When performing vocoding digitally the filters are usually replaced by fourier transforms of the signal, and it is the individual frequency components in the transformed signal that are modified.

What is Ring Modulation?

Ring Modulation is multiplication of two signals together to make the third (output) signal.

so out(t) = in1(t) * in2(t)

Usually one of the signals is from the "outside world" and the other is a sine wave generated "inside" the effect.

ie out(t) = in(t) * sin( 2*PI*t*f )
(if t is time and f is the frequency of the "internal" modulating signal)

In frequency terms the tones produced are the sum and product of the original frequencies. So if in(t) = 500hz tone & f = 300hz then out(t) will have 200hz
and 800hz signals. It should be ensured that the input signal is zero offset (ie zero when no signal present) or else some 300hz tone will be output at all times.

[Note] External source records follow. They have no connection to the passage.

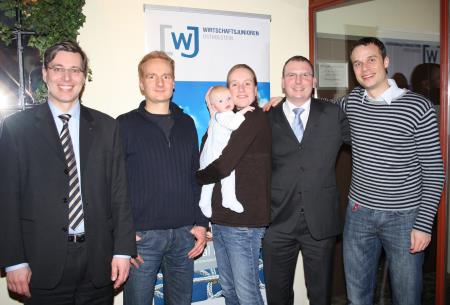(Foto: Der Vorstand der Wirtschaftsjunioren Ostholstein 2010: Geschäftsführer Can Özren (von links), Thilo Untermann, Vorstandssprecherin Sandra Stötzner mit Sohn Nils Ole, Alexander Fritsche und Thies Elteste.)
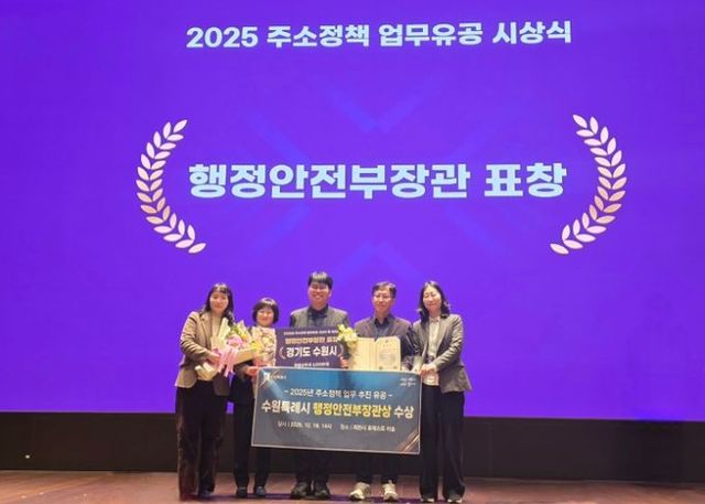 [와이뉴스] 수원특례시가 행정안전부 주관 ‘2025 주소정책 워크숍’에서 ‘2025 주소정책 업무 분야 우수기관’으로 선정돼 행정안전부 장관 표창을 받았다. 특별교부세 4000만 원도 확보했다.
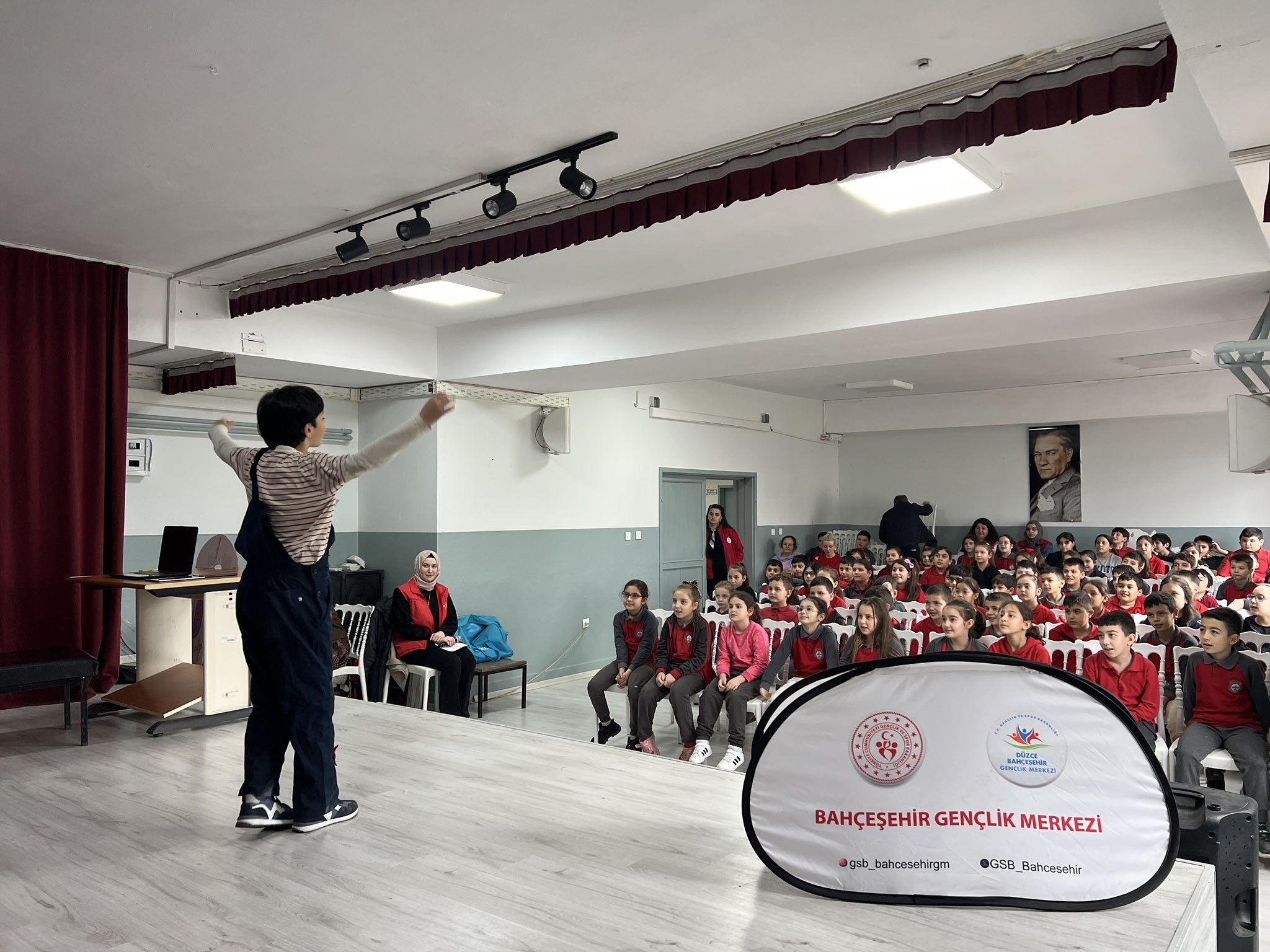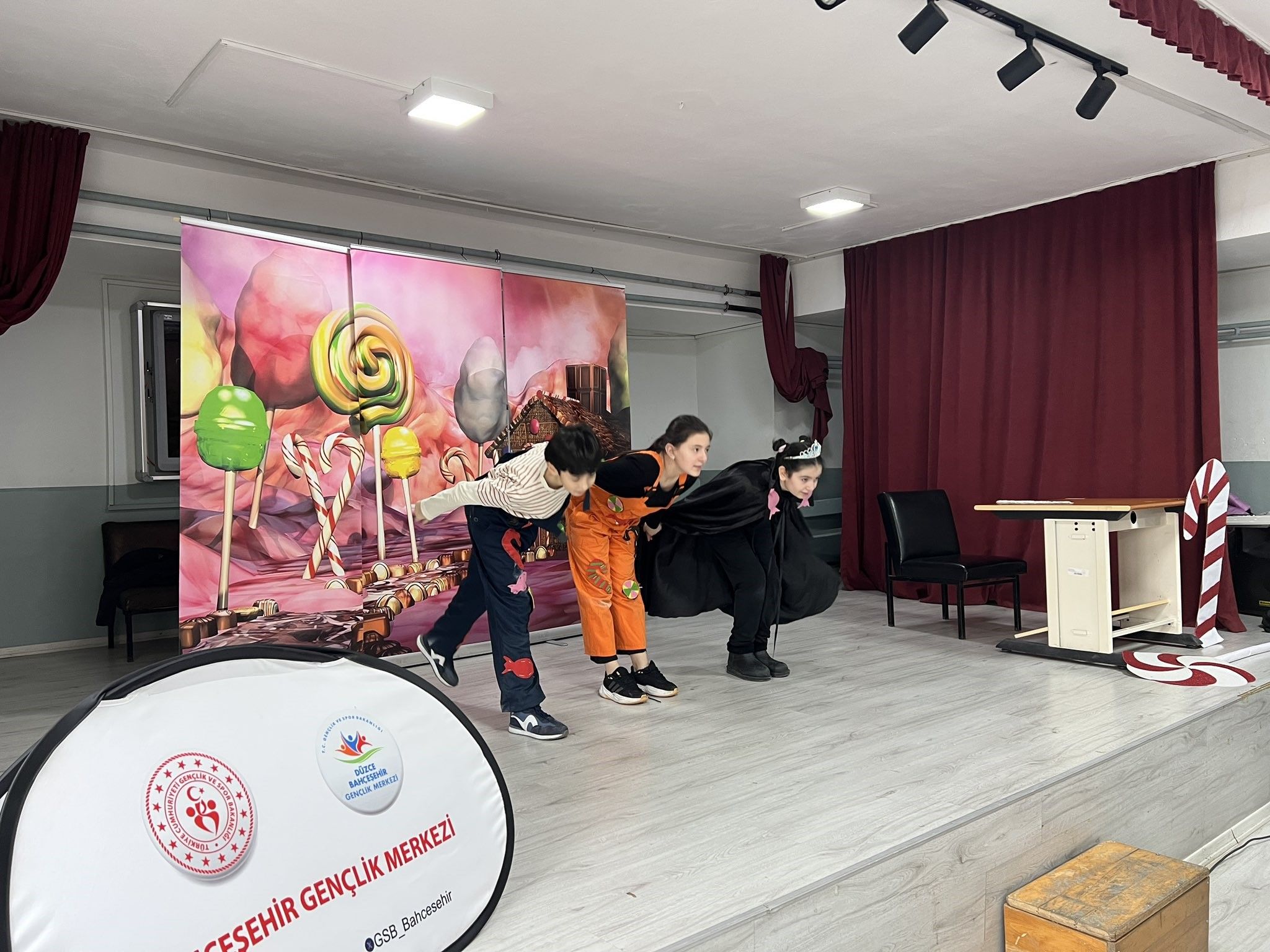 Düzce Bahçeşehir Gençlik Merkezi tiyatro kursiyerleri tarafından sahnelenen eğlenceli ve eğitici içerikli gösteri, öğrencilerden büyük beğeni topladı. Tiyatro etkinliğiyle, çocukların sosyal, kültürel ve duygusal gelişimlerine katkı sunulması, sanata olan ilgilerinin artırılması ve özgüven kazanmalarının desteklenmesi hedeflendi. Program sonunda öğrenciler, tiyatro kursiyerlerine alkışlarıyla teşekkür etti.

Some effects units and analogue synths (where this effect is most widely used) use a single XOR gate to perform the multiplication digitally. To do this in dsp we would need to convert the input and modulating signal into one of two values (1 or 0) and then xor them together. Filtering is probably needed on the output signal, as the signals are badly distorted, which will have given rise to some unwanted output frequencies.

Surround Sound (coming soon)

Likely sections are:
How do I encode/decode dolby(tm) surround sound?
Is pro-logic like normal surround sound?
What other surround sound coding schemes exist?
I would like to include the following information if anyone can provide pointers or help:
Where can I get surround sound coded files?
How does Q sound get surround sound from two speakers?

Miscellaneous Effects

What does the Aphex Aural Enhancer and similar units do?

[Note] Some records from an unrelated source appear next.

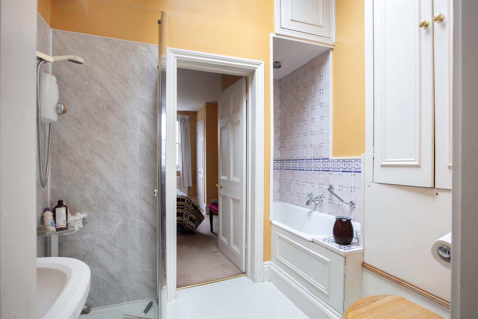 Heading to the upper landing you find another raised sash window illuminating the way to the top floor front-facing bedroom with lofty views across the stunning tree-top streetscape. There's a period feature fireplace, two fitted storage points and integrated wall lights. The rear double bedroom boasts another feature fireplace. The two top floor rooms each have access to a 'Jack & Gill' bathroom with both shower and bath and a vaulted ceiling with skylight.
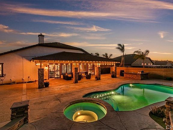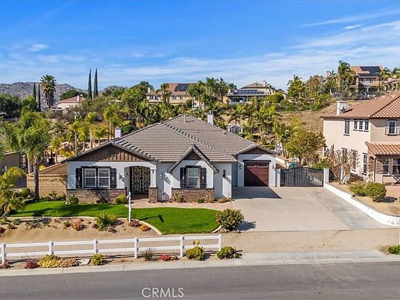 MAGNIFICENT Highly Sought After Norco Hills Single Story Home with RV PARKING, PAID OFF SOLAR, POOL & SPA . Spectacular home with elegant & high end upgrades that you will fall in love with. Beautiful curb appeal with lush landscaping. The Grand entry leads you to high 20 foot ceilings as you walk into this expansive home. This home features an office/bedroom with a Jack & Jill bathroom separated from the rest of the bedrooms. If you like to entertain you have an oversized formal dining room & an additional family room/pool table/gym area. Love to cook? Kitchen has been completely renovated with high end CUSTOM FEATURES. The custom island has a built-in kitchen table and seating area that overlooks the family room area. GOURMET KITCHEN features SUB-ZERO built in refrigerator, beautiful custom cabinets INCLUDING OVER THE RANGE, built in microwave, dishwasher and 48 inch stainless steel Fulgor Milano range that includes 6 burners and a griddle with a double oven. The quartzite countertops and the custom tile backsplash add to the elegance of this home. There are tons of cabinets with extra storage including a Walk-in Pantry . Seller has installed all newer engineered wood floors & beautiful travertine tile. The Primary bedroom has high ceilings, and a gas fireplace for ambiance and warmth. Oversized walk-in closet allows a lot of space for your wardrobe. The Primary bathroom has been completely remodeled & features dual sinks, custom quartzite countertops, large jetted tub. Sliding glass doors lead you to your oasis backyard to the view of pool and a nice breeze. There are plantation shutters through-out adding character & charm to this home. Indoor laundry room with custom cabinets and a sink. As you step outside you will fall in love in an instant. The breathtaking backyard has a gorgeous pool & spa that includes a Baja shelf perfect for soaking in. Beautiful stamped concrete all around that includes drains. The large attached patio is approx. 20 feet tall and is a perfect place to entertain guests. There is a built-in BBQ area making outdoor gatherings a breeze. As you walk up the elegant staircase to the upper portion, you will find the beautifully landscaped area large enough for many uses and animals. Located just minutes from the Hidden Valley Golf course, Pumpkin Rock Hiking trail & Ingalls Equestrian center. Paid off solar has 20 panels including a Tesla power pack, newer exterior paint. Plenty of RV Parking
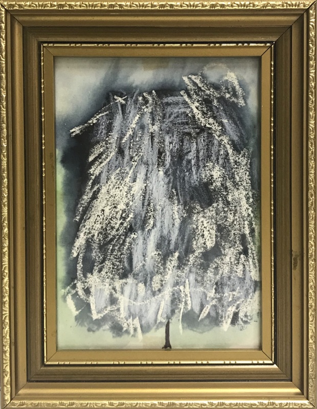 About this objectPastel and ink on paper, loose and busy white pastel marks, small brown ink mark at bottom suggests tree trunk.
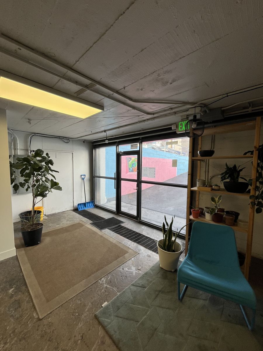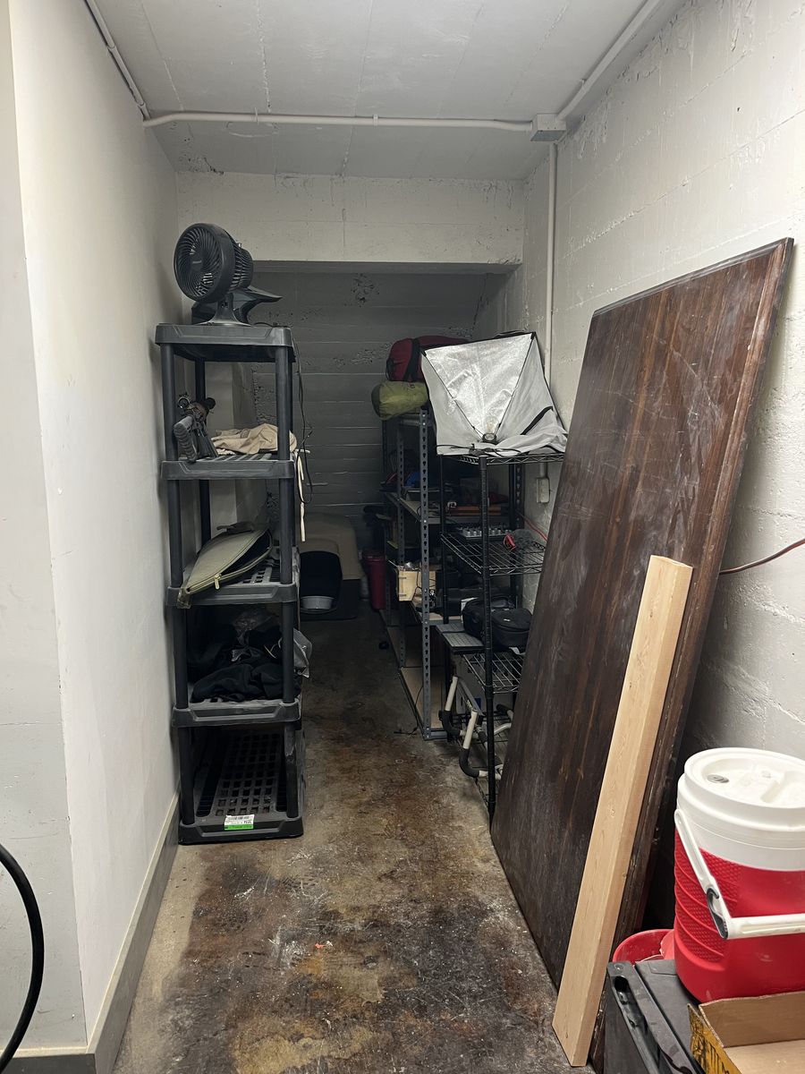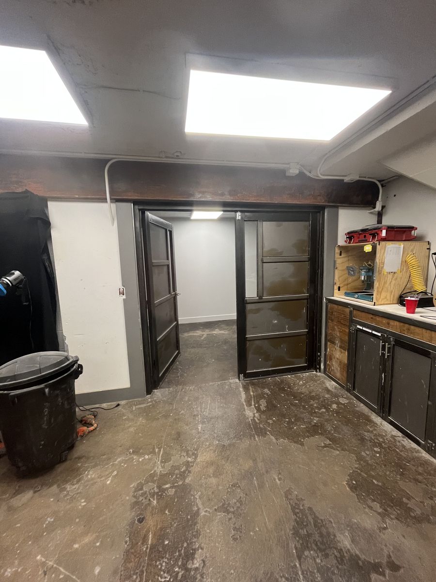 Comes with a built in workbench, custom steel double door, ramp access, 220v power. lots of storage, shared bathrooms, free internet. Please let me know if you would like more info or a tour!
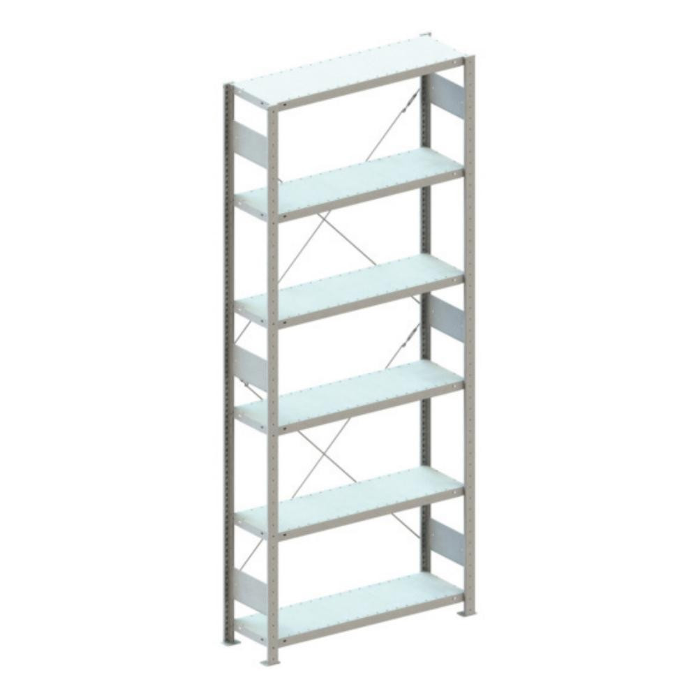 Steckregal Meta-CLIP B1000xT300xH2500 mm Grundfeld 6 Böden RAL7035 Fachlast 100kg
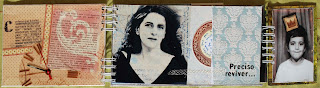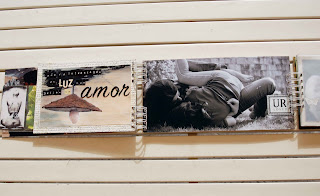 transparência"journey" por cima da foto, é mais uma página. As fotos quadradas costuradas à máquina

Apparently they make music sound more dynamic and give a professional edge to the sound. As far as I can remenber, from an explanation I read a while back, these units distort the high frequencies of the input signal to create more "top end", ie they create more high frequency signals without just boosting the existing
frequencies like eq does. While this seems to make sense to me I am sure there is some extra processing being done (??) in these units.

References

In this peliminary version of the FAQ there are few references in the actual text, hopefully this section will provide pointers to information on what you are interested in. Much of the information below is incomplete (or wrong), I am relying on you experts out there to help me get it right :-)

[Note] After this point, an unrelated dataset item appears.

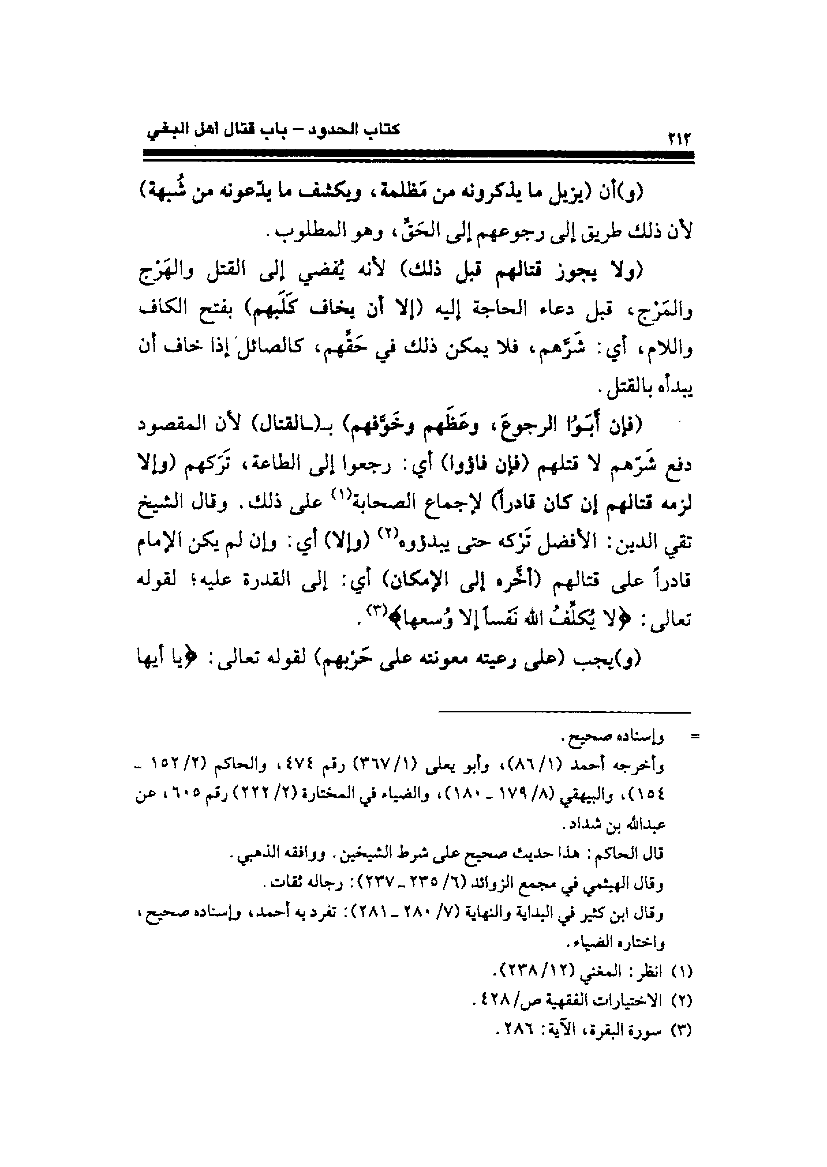 (فإن أبَوُا الرجوعَ، وعَظَهم وخَوَّفهم) بـ (القتال) لأن المقصود دفع شَرهم لا قتلهم (فإن فاؤوا) أي: رجعوا إلى الطاعة، تَرَكهم (وإلا لزمه قتالهم إن كان قادرًا لإجماع الصحابة (¬١) على ذلك. وقال الشيخ تقي الدين: الأفضل تركه حتى يبدؤوه (¬٢) (وإلا) أي: وإن لم يكن الإمام قادرًا على قتالهم (أخَّره إلى الإمكان) أي: إلى القدرة عليه؛ لقوله تعالى: {لَا يُكَلِّفُ اللَّهُ نَفْسًا إلا وُسْعَهَا} (¬٣).

p.s. Remember I am will not be reponsible for the accuracy of any information in this FAQ. If its wrong, sorry, but the only thing you can do is help me
get it right in the future. (Just in-case you forgot)

Internet Resources

Other FAQ's

Other related FAQ's (I hope I did not cover too much common ground) are:

DSP FAQ - The FAQ for the Comp.dsp newsgroup. Covers all types of DSP including some audio. Also gives addresses and details of DSP chip/software vendors/products. Occasionally posted to comp.dsp but only version I have found was last updated over a year ago. Available at rtfm.mit.edu ftp site.

Guitar FX FAQ - Details various effects (mostly as descriptions of sound rather than implementation) for guitars. Good section of
various methods of producing distortion. Updated regularly (posted to rec.music.makers.builders, rec.music.makers.guitar, and alt.guitar news groups), and
by ftp to rtfm.mit.edu.

CSound FAQ - Frequently asked questions for the CSound music synthesis program. Available via www at :
http://coos.dartmouth.edu/~dupras/Csound/Csound.faq.html
(should also be at ftp.maths.bath.ac.uk).

All the above FAQ's should be available by anonymous ftp to rtfp.mit.edu (login : anonymous).


News groups

Almost certainly the best place to get answers to questions or to discuss stuff.

[winge mode on]
In ALL case READ THE FAQ before posting questions. If theres one thing that will get you flamed its posting questions that are blatently in the FAQ. The other way of getting flamed for sure is to ask a question that was asked and answered only a week before, so please read for a while before posting. Since the amount of noise on some groups is high interesting posts get lots of good responses (usually). If you get answers to questions relevent to the FAQ then please mail them to me for future FAQ's, thanks.
[winge mode off]

Here are my favourite groups for Audio effects stuff:

Comp.dsp - the best group to read if into dsp (oh really?) or implementations of the effects described here.

Comp.music - Discussions on here tend to cover a lot of stuff. Sometimes taken over by midi questions, sometimes very interesting, sometimes lamer city :-) Questions on when to use effects tend get good answers (just dont expect definite answers, things like when to use compression will get 5 conflicting opinions).

Rec.audio.tech - Tends to cover less digital techniques than the other groups, but if you need to know about analogue, speakers, or surround sound then this is probably the best group.


Mailing Lists

Numerous e-mailing lists exist on the internet where people with similarinterests can send messages which are then forwarded to everyone else on the
list (like a news group but more personal). Some of these lists are moderated (messages are checked by a single person before forwarding) and of course
since you have to subscribe, you can also be kicked off a list. As a result the amount of rubbish posted is less than most news groups.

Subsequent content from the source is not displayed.